しばらくして、鉄格子の檻から出されたリーシャが、屈強な看守に両腕を掴まれて連行されてきた。
「……商品を引き渡します。首輪の鍵はこちらに」
看守が事務的に告げる。リーシャは抵抗する気力もないようで、人形のようにされるがままだ。

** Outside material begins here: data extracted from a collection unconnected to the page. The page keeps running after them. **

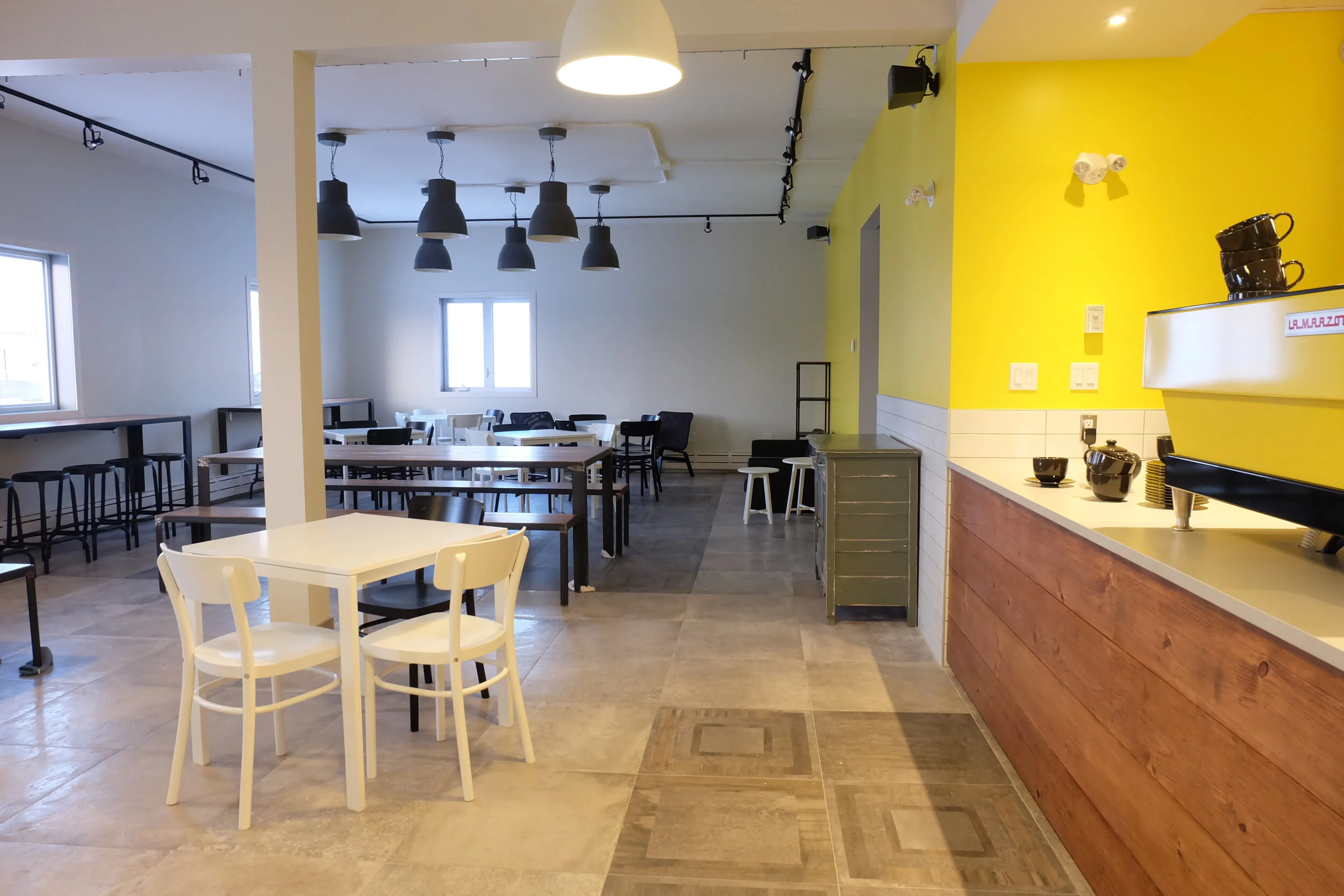 The northern community of Iqaluit, Nunavut was in need of a casual coffee house with a relaxed atmosphere and delicious menu. This Tenant Improvement project included creative concept development, branding, visual identity, and space planning. Through a carefully selected material palette, the outcome is a sunny and inviting coffee shop that is multi-use and can be used as an event space for private parties & community events.
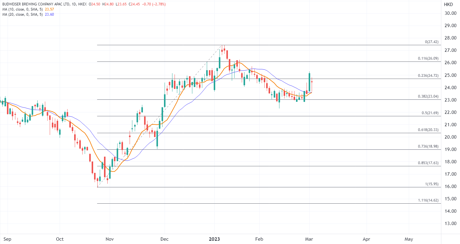 ATFX港股:百威亚太业绩大逊预期,但啤酒股有三大利好可寻 ATFX港股:随着消费场景持续修复,近期啤酒股有不少涨势跟进,昨日啤酒股连续走高,几乎集体上涨,百威亚太(01876.HK)昨日大涨逾5%,今早股价跟随业绩和大市回吐,早段一度跌6%。 百威亚太昨日公布去年业绩,盈利9.13亿美元,按年跌3.9%。正常化盈利亦跌1
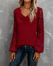 SPESIFIKASJONER Topp type: Bluser Stil: Uformelt Materiale: Bomullsblandinger Anledning: Daglig Halslinje: Drapert Krage Mønstertype: Ensfarget Ermetype: Vanlig erme Erme lengde: Langermet Passform type: Vanlig Årstid: Høst,Vinter Detaljer: Uthult,Blonder Pakken inkluderer: 1 x Bluse STØRRELSESTABELL (cm) Størrelse Bryst Lengde S 92 65 M...
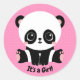 Panda rose autocollants "C'est une fille !" Idéal pour les invitations à la douche bébé. Le texte peut également être changé en un nom pour les autocollants pour enfants.
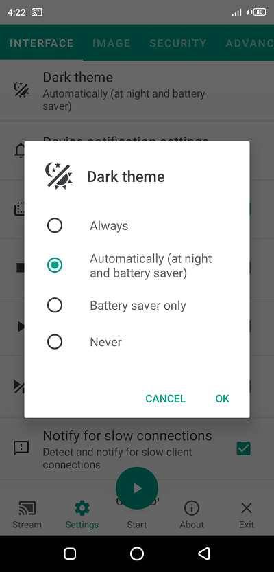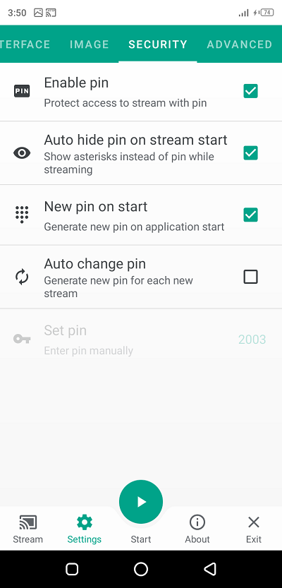 The Security page also had other options for me to explore. Options like automatically generating a new password on each application launch were commendable. This means nobody can brag of having continual access to my stream since a new password comes up every time I launch the app.
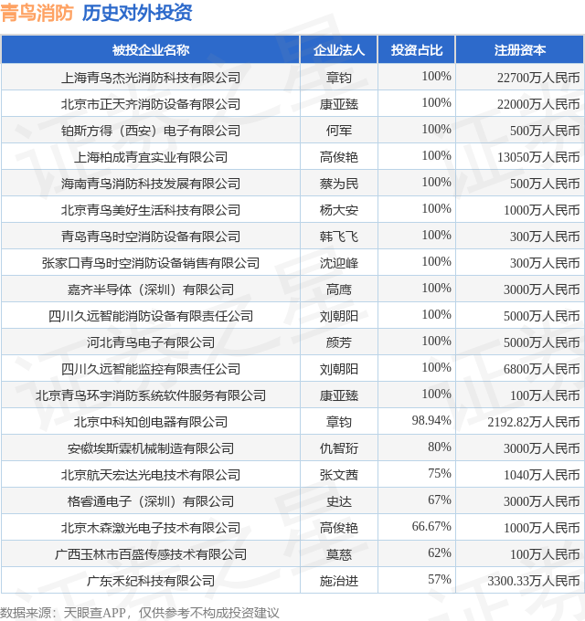 证券之星消息,根据天眼查APP显示,青鸟消防(002960.SZ)新增一起对外投资事件,被投资公司为北京科力恒消防装备有限公司,法定代表人朱刚,投资占比为45%。该公司从事金属制品业,注册资本为1000万人民币。目前,青鸟消防共存在对外投资30项,投资占比前20的项目见下表:
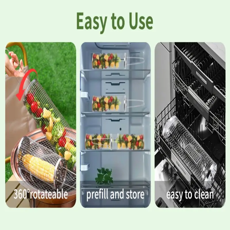 Round BBQ Basket Stainless Steel Rolling Grilling Basket Wire Mesh Cylinder Grill Basket Portable Outdoor Camping Barbecue Rack
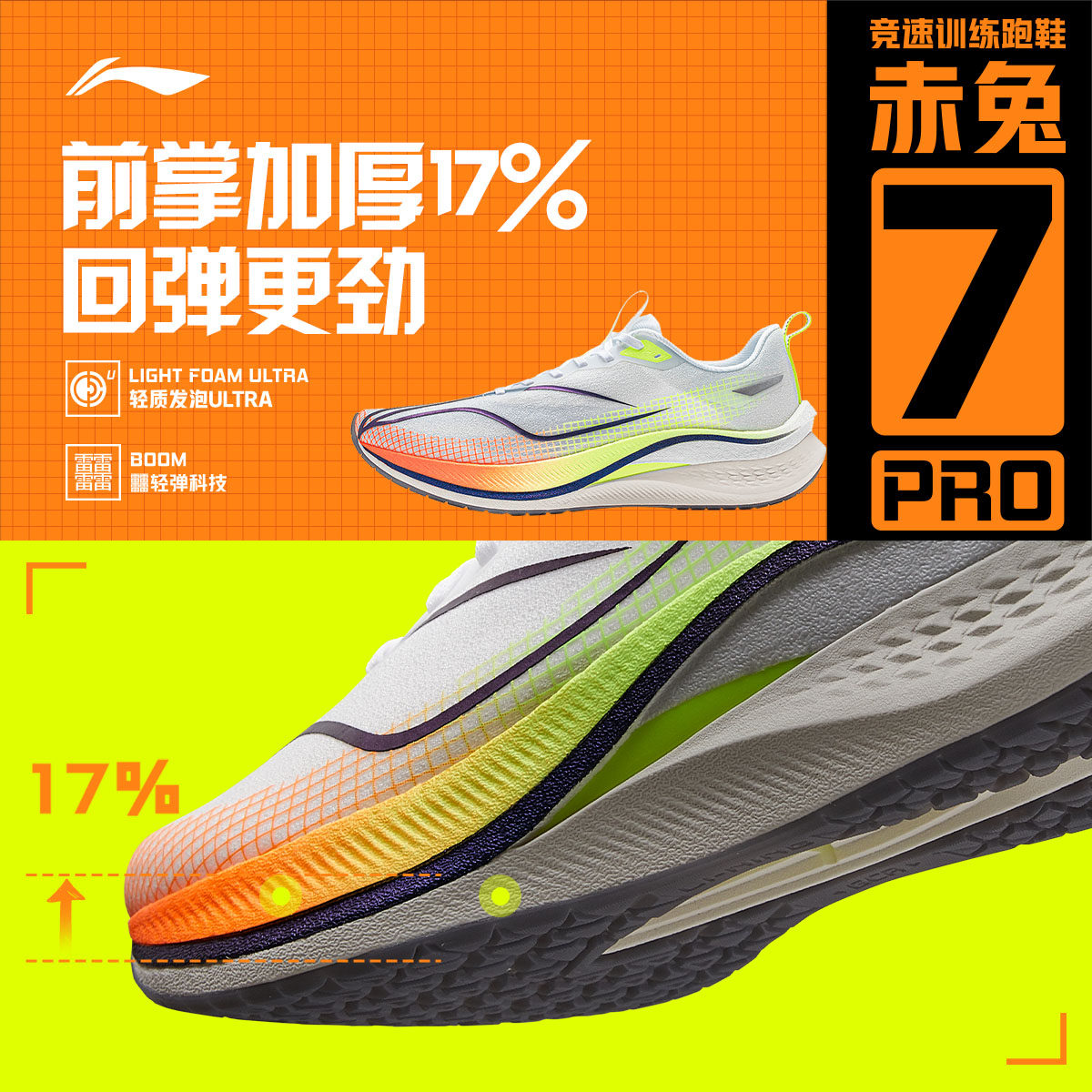 李宁赤兔7 PRO |跑步鞋男鞋减震回弹训练鞋子新款跑鞋低帮运动鞋
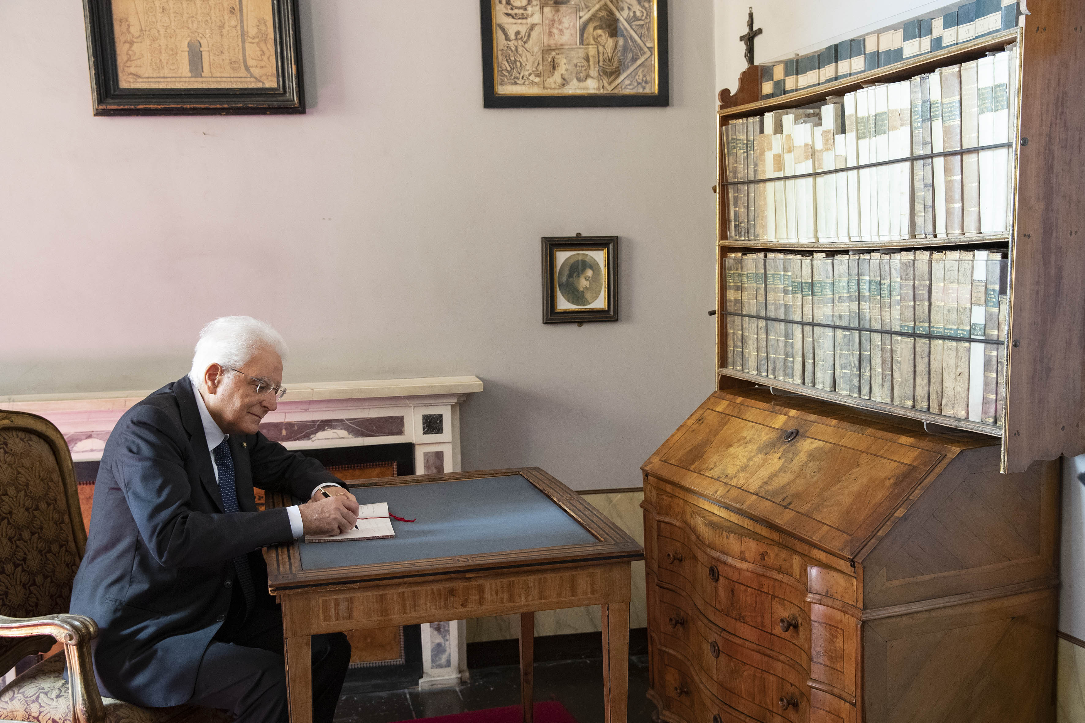 Il Presidente Sergio Mattarella nel corso della visita alla casa di Giacomo Leopardi
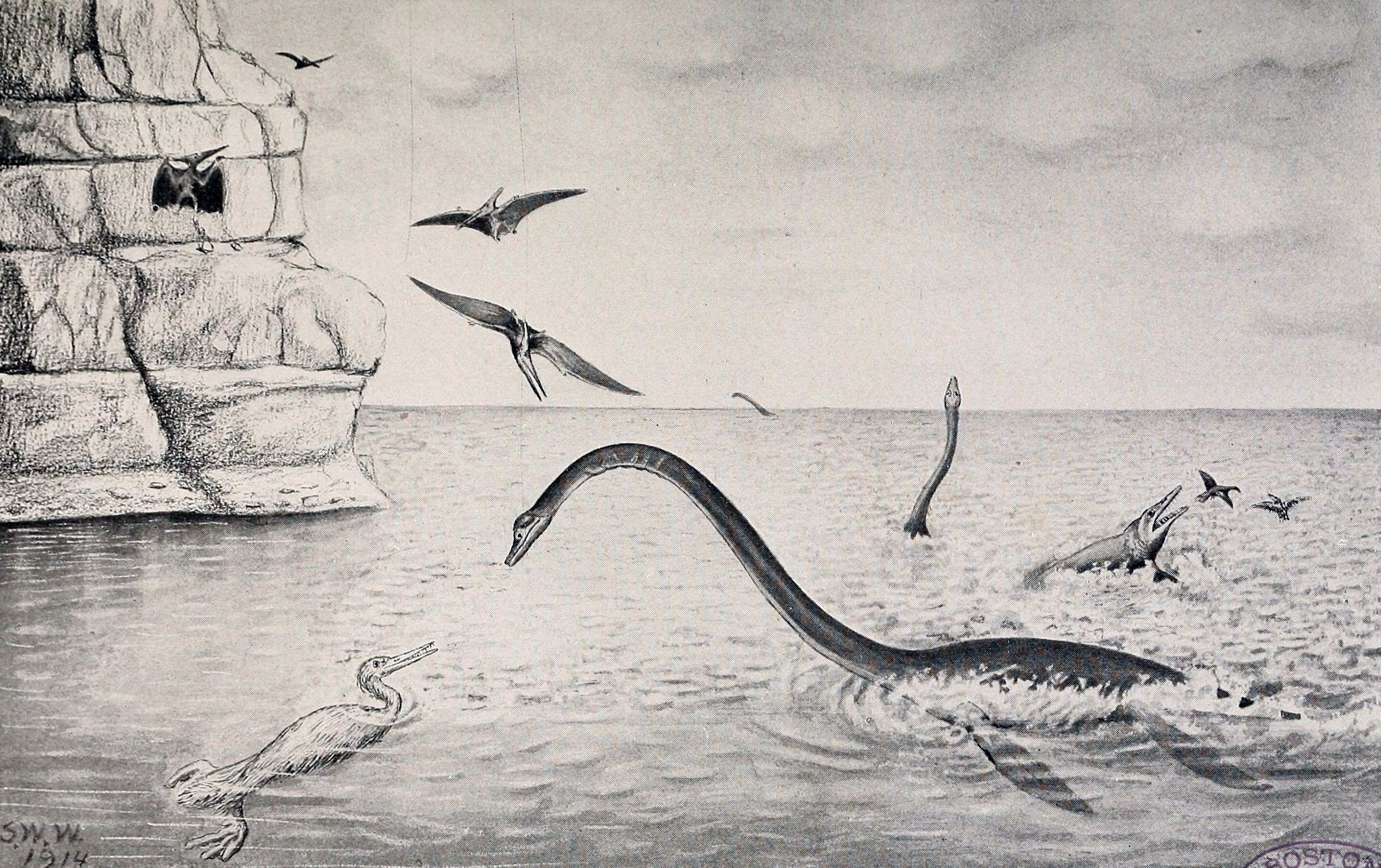 ![Мозазавр Эласмозавр силуэт]()
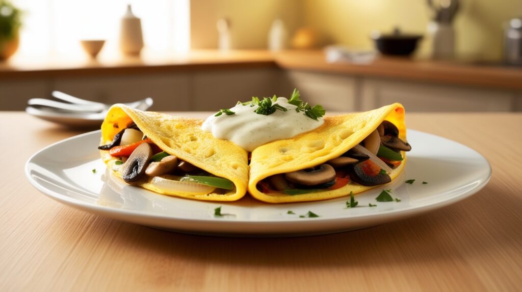 For a great omelette, pick the right eggs and prep them well. Use 2 eggs for each omelette. Add milk and cheese for creaminess and flavor. For a vegetarian breakfast option, try cheddar, feta, or goat cheese.
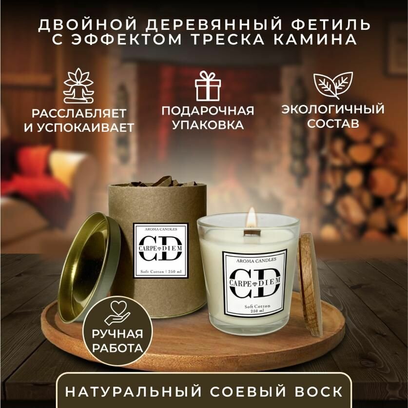 Ароматическая свеча в стекле с крышкой для дома с ароматом " Нежный Хлопок " CARPE DIEM, аромасвеча с деревянным фитилем 250 мл информация:
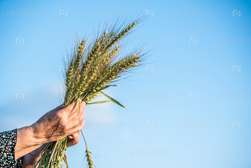 Колосья пшеницы, руки и концепция урожая - охапка колосьев зерна в руках на фоне неба
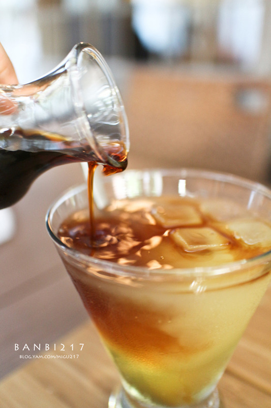 有別於市面上是果汁糖漿加入咖啡的做法,青田七六將濃郁的冰滴咖啡倒入日本長野王林蘋果汁內,喝的到咖啡的濃郁、蘋果的果酸與甜以及香氣,富有層次的創意飲品。
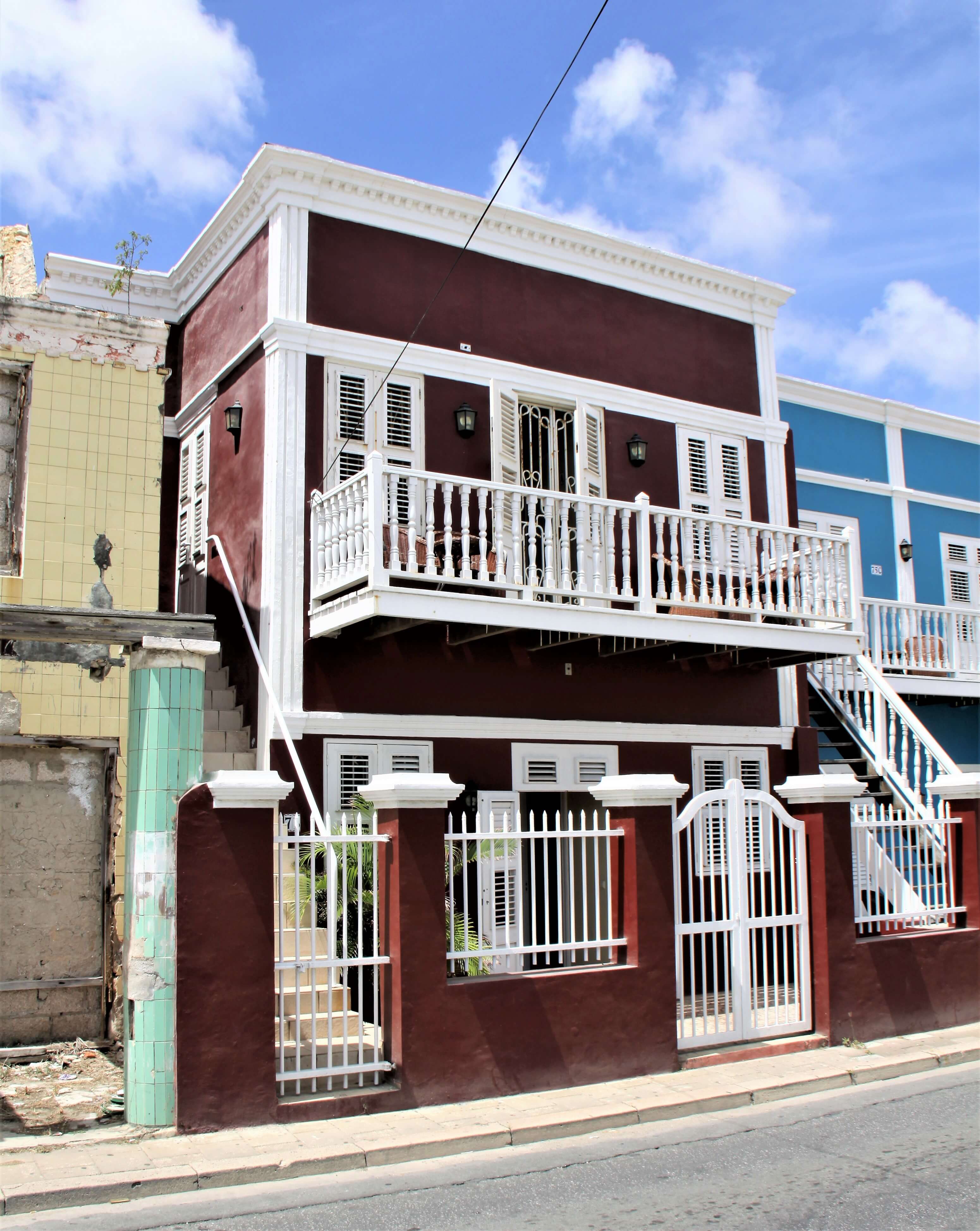 Two-storey structure built against adjacent properties. Flat roof. Front section with small setback sections at corners accommodating two staircases (right one belongs to adjacent property). Projecting cornice with dentils over exposed façades and fluted pilasters on corners. Front façade with central door and flanking windows on ground and first floor. Weather mouldings above openings continued as horizontal bands. Almost full-frontage front balcony.
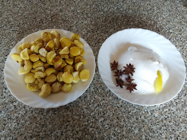 Una vez las castañas estén peladas, se cortan en trozos pequeños, se pone el agua a hervir junto con el anís, la cáscara de limón y la rama de canela. Una vez hierva, se adiciona el azúcar y en cuanto esté totalmente disuelto se añaden las castañas. Se baja la temperatura del hornillo y se remueve cada cierto tiempo hasta que las castañas estén blandas y el agua se haya convertido en almíbar.
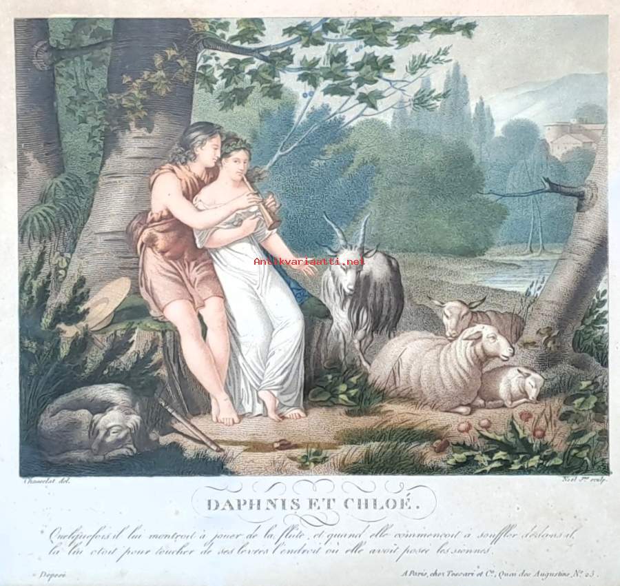 Kuvassa on 1800-luvun kaiverrus, joka esittää klassista kohtausta kreikkalaisesta mytologiasta nimeltään Daphnis ja Chloë. Tämä nimenomainen teos perustuu ranskalaisen taiteilijan Charles Abraham Chasselatin (1782–1843) piirrokseen. Kaiverrus kuvaa nuorta rakastavaista paria idyllisessä ympäristössä lampaiden ja vuohien ympäröimänä. Alaosan teksti ranskaksi kuvailee hetkeä, jolloin Daphnis opettaa Chloëlle huilunsoittoa: "Quelquefois il lui montroit à jouer de la flute..." (Joskus hän näytti hänelle, kuinka huilua soitetaan...). Teoksen keskeisiä tietoja:Aihe: Daphnis ja Chloë, antiikin kreikkalainen rakkaustarina.Alkuperäinen taiteilija: Charles Abraham Chasselat.
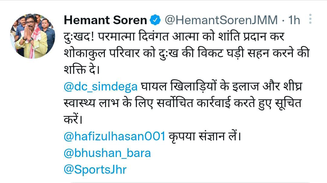 इधर विधायक ने मृतक छात्र के परिजनों से मिलकर उन्हें ढांढस बंधाया। साथ ही इस दुःख की घड़ी में उनके साथ खड़ा रहने का आश्वासन दिया। इस घटना पर सीएम हेमंत सोरेन ने संज्ञान लेते हुए घायल खिलाड़ियों के बेहतर इलाज की व्यवस्था सुनिश्चित करने का निर्देश दिया है। साथ मृतक के प्रति दुःख प्रकट किया है।

「……好きにすればいいわ。どうせ私は、一生借金まみれの奴隷なんだから……」
リーシャがボソリと呟く。その声は絶望に染まっていた。
「キャルル、鍵を開けてやってくれ」
「えっ、いいの? いきなり魔法で暴れたりしない?」
「大丈夫だ。彼女の目は、暴れる気力すら失った人間の目だ」
キャルルが恐る恐る首輪の鍵穴に鍵を差し込む。カチリと音がして、重たい金属の輪が外れた。
リーシャは首をさすることもなく、ただ床を見つめている。
「さてと、今後の契約についてだが……」
俺は今後の予定を確認するため、懐からノートパソコンを取り出し、開いた。
起動音と共に、ディスプレイが青白く発光する。
その瞬間だった。
ピクリ。
死んでいたはずのリーシャの耳が、動いた。
「……ん?」
彼女がゆっくりと顔を上げる。
その翠玉の瞳が、俺の手元のPCに釘付けになった。
「……なに、それ?」
「え? ああ、これは俺の故郷の道具で、パソコンって言ってだな……」
俺が説明しようとした、次の瞬間。
「なんなのよその美しい光はぁぁぁッ!?」
ドォォォンッ!!
リーシャが看守を振りほどき、猛獣のような勢いで俺に飛びかかってきた。
「うわっ!?」
「ちょっと、アンタ何するのよ!」
キャルルが慌てて止めに入り、リーシャの襟首を掴んで引き剥がす。
だが、リーシャの目は完全にイっていた。血走り、口端から涎が垂れそうになっている。
「見せなさい! 近くで見せなさいよ! その薄さで発光する平面板!? ありえない、魔力反応が極小なのに、どうやって映像を維持してるの!? 未知の合金!? 超古代文明のロストテクノロジー!?」
彼女はキャルルに拘束されながらも、手足をバタつかせてPCに滲り寄ろうとする。
さっきまでの薄幸の美少女はどこへやら。完全にマッドサイエンティストの顔だ。
「ねえお願い! 一度だけでいいから! 中身を見せて! 分解させて! 装甲の1ミリでもいいから削り取って成分分析させてぇぇッ! そのためなら何でもするわ! 足だって舐めるからぁッ!」
「ひ、ひぇぇ……。大地、こいつヤバいわよ。本当に仲間にして大丈夫なの……?」
キャルルがドン引きした顔で俺を見る。俺も引きつった笑みを浮かべるしかなかった。
「ま、まあ、元気になったようで何よりだ……」
俺はPCを高く掲げ、彼女の手が届かないようにしながら宣言した。
「リーシャ・ヴェルデ。君の借金2億エンは俺が肩代わりした。今後、君は俺の専属エンジニアとして働いてもらう」
「エンジニア!? ってことは、その板(未知のテクノロジー)をいじり放題ってこと!?」
「いや、いじるのは禁止だ。壊されたら困る。君には、このPCの中にある『設計図』を、こちらの世界の技術で再現してもらいたいんだ」
「見るだけ……? ちぇっ、ケチね。……まあいいわ。その『設計図』とやらが面白そうなら、協力してあげないこともないわよ」
リーシャは急にツンとした態度に戻り、腕組みをした。だが、その目はPCから離れておらず、ギラギラと輝いている。
……前途多難だが、とりあえず「技術者」の確保には成功したようだ。
「よし、契約成立だ。次は、本命の『宝石』だ」
俺たちは騒がしい新入りを引き連れ、再びVIP席へと戻った。
会場では、いよいよメインイベントの商品が運び込まれようとしていた。